The landscape of the global sovereign debt market has changed drastically since the problems in Greece first arose earlier this year. Markets have been incredibly resilient in the face of these issues, with the effectiveness of Europe’s response to the crisis far exceeding what were fairly dire expectations. However, it was the emergence of these problems at the sovereign level that served to highlight a number of risks that had, to that point, been underestimated—from the presumption of currency union infallibility to the stability of a banking system with substantial holdings of sovereign debt no longer considered to be risk-free. This change in collective market psychology—in which a transition was made from an obsessive focus on the growth drivers of a global economic recovery to a careful consideration of the risks posed by the mounting stock of developed world public debt—has been the single most important driver of market movements this year. In line with this shift and drawing from the lessons of past sovereign debt crises, the principal thesis for investing in emerging markets should focus upon the improved flexibility and stronger balance sheet position that most of these nations now enjoy. It should not focus upon the historical emphasis on higher rates of expected growth in emerging markets vis-a-vis the developed world—a thesis that loses relevance in a potential scenario of slowing global growth.

From the vantage point of emerging markets, the pattern of events in the years leading up to the recent US financial crisis offers a clear and disturbing parallel to the lesser developed countries (LDC) debt crisis of the early 1980s.1 Through most of the 1970s, Latin American nations enjoyed sustained economic growth, borrowing heavily from the capital surpluses of oil-exporting nations to finance their economic expansion (with the US commercial banking system happy to act as financial intermediary). At the outset of the 1980s, the global liquidity conditions that made this debt-driven growth story possible came abruptly to an end. Relying largely on floating-rate debt, the sharp rise in US interest rates and drop in commodity prices that took place at the beginning of the decade triggered a series of events that eventually led to the collapse of growth in most Latin American nations, leaving them to crumble under the weight of their massive debt burden.2

However, understanding the current environment in the context of the LDC debt crisis is critical not for what it tells us of the unfolding of financial collapse (we now have our own version of that history), but for what it tells us of the years that follow such a collapse. In the absence of effective policy options, and with still-fragile institutions in place, Latin America fell into a default-devaluation spiral that took ten years to unravel, all the while threatening the solvency of the US financial system.3 In 1989, under the auspices of the Brady Plan, banks and governments formally (and finally) recognized that these countries could not fully service their debts and restore growth at the same time. The 1980s period for the region—one of negative growth, with wrenching effects on governments and societies—is commonly referred to as the Lost Decade. This phrase also refers to the 1990s period in Japan when the bursting of asset bubbles (specifically real estate) led to a severe and protracted downturn in the economy.

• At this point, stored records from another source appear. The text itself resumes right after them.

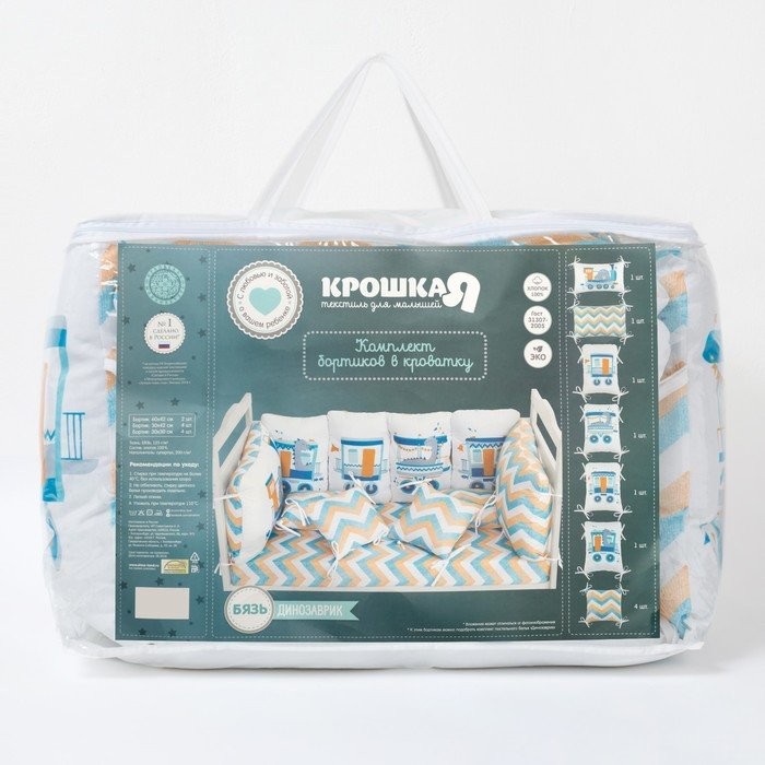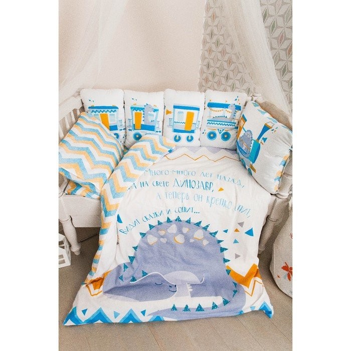 Бортики в кроватку Крошка Я «Динозаврик» (60х42см- 2шт, 30х42см- 4шт, 30х30см- 4шт), 100% хлопок
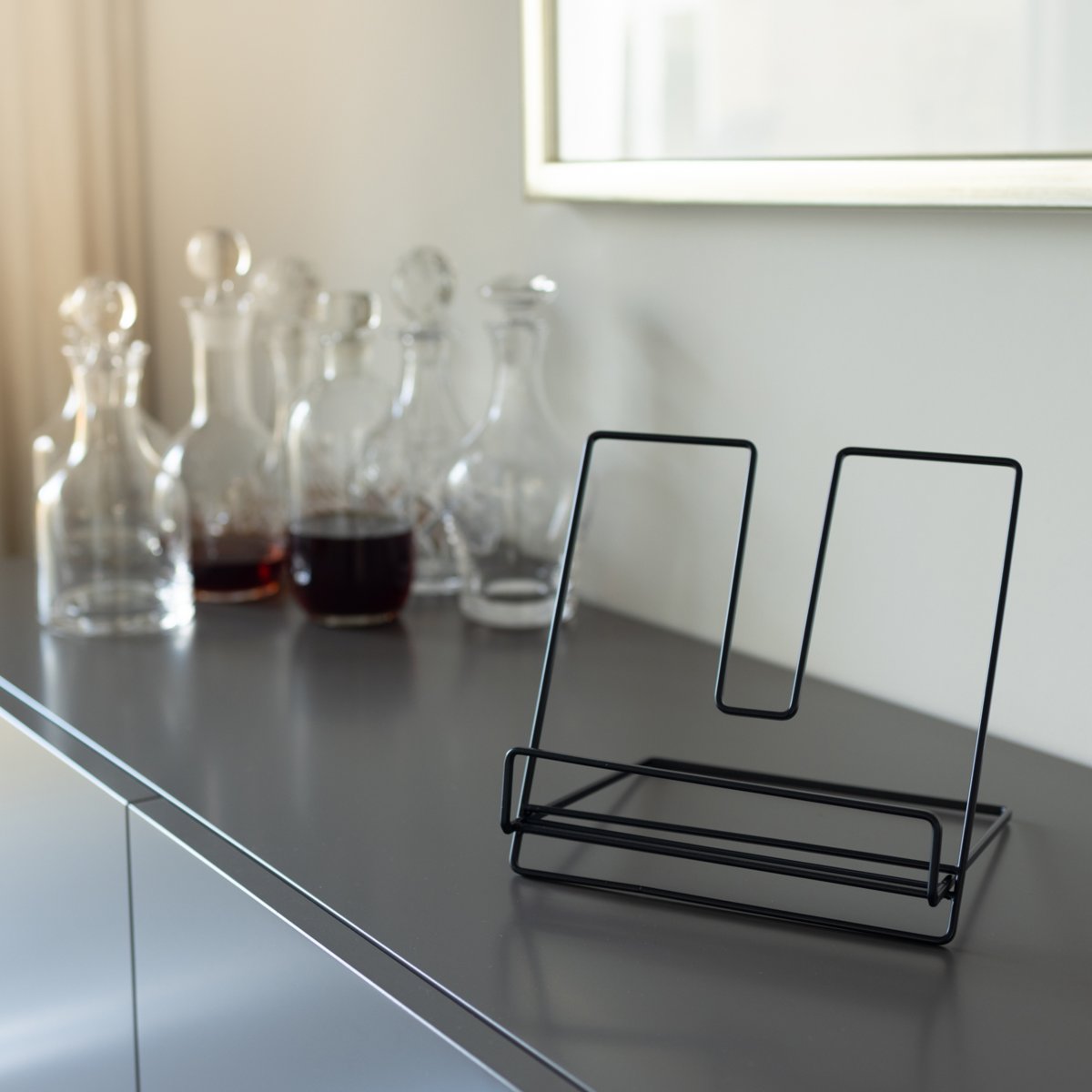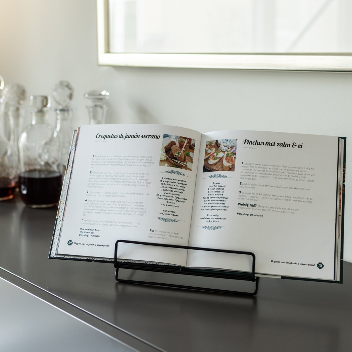 Heb jij een boek in huis dat je graag een speciaal plekje wilt geven? Of zoek jij een fijne manier om je kookboek open op het aanrecht neer te zetten? Dan is deze metalen boekensteun precies wat jij nodig hebt. De boekenstandaard is geschikt voor één boek tegelijkertijd en is de ideale boekenhouder om een boek open mee neer te zetten. Dit kan in de keuken zijn, maar staat ook mooi in een boekenkast of boekenrek. Het metalen rek is minimalistisch en leidt de aandacht daardoor niet van het boek af.
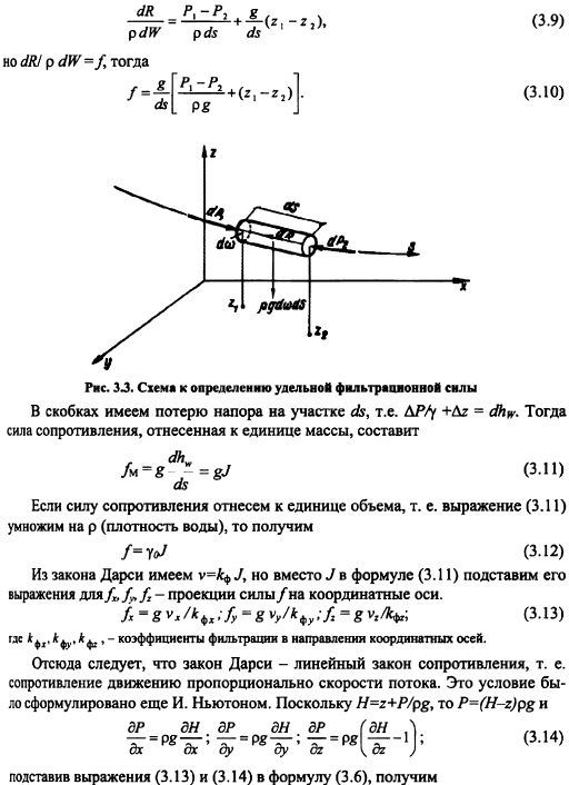 ОСНОВЫ ТЕОРИИ ФИЛЬТРАЦИИ ВОДЫВодоподпорные сооружения (плотины, здания ГЭС, находящиеся в напор ном фронте, шлюзы, рыбоходы и т.д.) испытывают не только разницу давлении воды со стороны верхнего и нижнего бьефов (напор), но и давление воды, движущейся под действием этого напора по порам грунта основания и тела грунтовой плотины (п. 2.3). В этом случае различают две силы: взвешивания и фильтрационную, Движение воды в скальных основаниях имеет свои особенности, В зависимости от состояния воды в порах грунта различают воду в виде: а) водяного пара;б) гигроскопической воды, конденсирующейся на поверхности частиц; в) пленочной; г) свободной. Максимальная гигроскопичность может быть: у песков до 1%, у пылеватых частиц до 7%, у глины до 17%. Пленочная вода образуется на поверхности частиц грунта под влиянием молекулярных сил. Она удерживается на поверхности частиц с силой, значительно превосходящей по интенсивности силу тяжести. Эту воду часто называют связной. Связная вода в грунте отличается по своим свойствам от обычной (меняются температура кипения и замерзания, вязкость, теплоемкость и т. д.). Ее можно отжать из грунта при давлении в несколько десятков и даже сотен МПа с одновременным подъемом температуры. Связная вода имеет пониженную растворяющую способность. Связная вода затрудняет фильтрацию, уменьшая сечение пор грунта. Влажность грунта, соответствующая максимальному содержанию пленочной (связной) воды, названа А.Ф. Лебедевым максимальной молекулярной влагоемко стью. В свободной воде выделяют гравитационную, передвигающуюся в порах грунта под влиянием силы тяжести (в ней действует только гидродинамическое давление), и капиллярную, на которую, кроме того, действуют капиллярные силы. Эта вода заполняет частично или целиком поры грунта и сверху ограничена вогнутым мениском (табл. 3.1) .
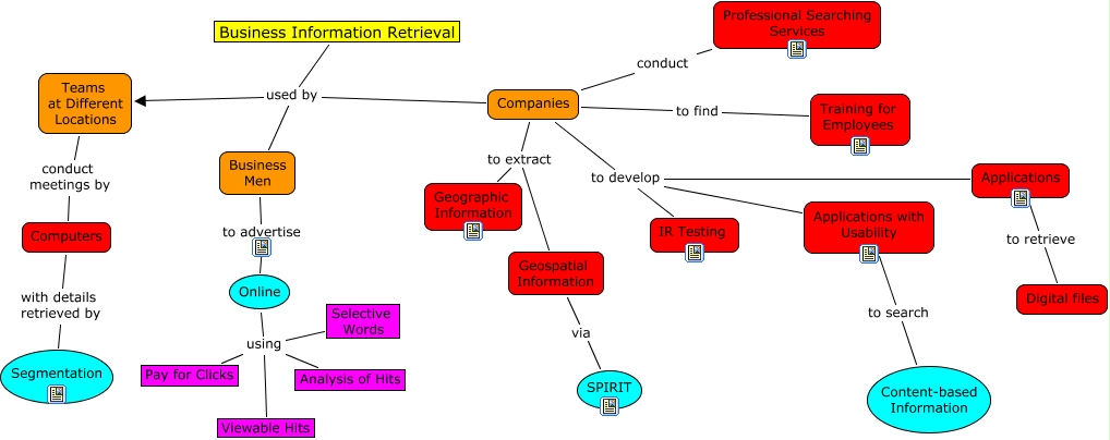This Concept Map, created with IHMC CmapTools, has information related to: Information Retrieval in Business, Companies to extract Geospatial Information, Geospatial Information via SPIRIT, Business Information Retrieval used by Business Men, Applications to retrieve Digital files, Companies to develop IR Testing, Applications with Usability to search Content-based Information, Online using Viewable Hits, Business Information Retrieval used by Companies, Companies conduct Professional Searching Services, Online using Analysis of Hits, Business Men to advertise Online, Companies to develop Applications with Usability, Companies to find Training for Employees, Business Information Retrieval used by Teams at Different Locations, Online using Pay for Clicks, Computers with details retrieved by Segmentation, Teams at Different Locations conduct meetings by Computers, Online using Selective Words, Companies to extract Geographic Information, Companies to develop Applications

In this case, belated recognition and missteps by the government to adequately address the growing bad-debt problem crippling its banks led Japan to embark upon years of wasteful stimulus spending. This, in turn, led to an accumulation of the largest public debt (as a % of GDP) in the developed world; after nearly two decades, the country has yet to generate a convincing recovery.4

As the US turned in quarter-over-quarter annualized growth of 5% to close out 2009, the prospects of our own lost decade may have seemed remote. The stimulus packages engineered by federal governments worldwide started exerting a positive influence on economic data beginning in 2009, and as these effects stretched into 2010, optimism grew that a sustained recovery may well have been underway. From a bottom-up perspective, there was little reason to doubt that this was indeed the case: corporate profits for the largest US companies surged as cost-cutting measures and historic gains in worker productivity paved the way for massive bottom-line outperformance.5 However, with the gradual rollback of stimulus measures, the debate has grown louder over the strength and sustainability of the recovery.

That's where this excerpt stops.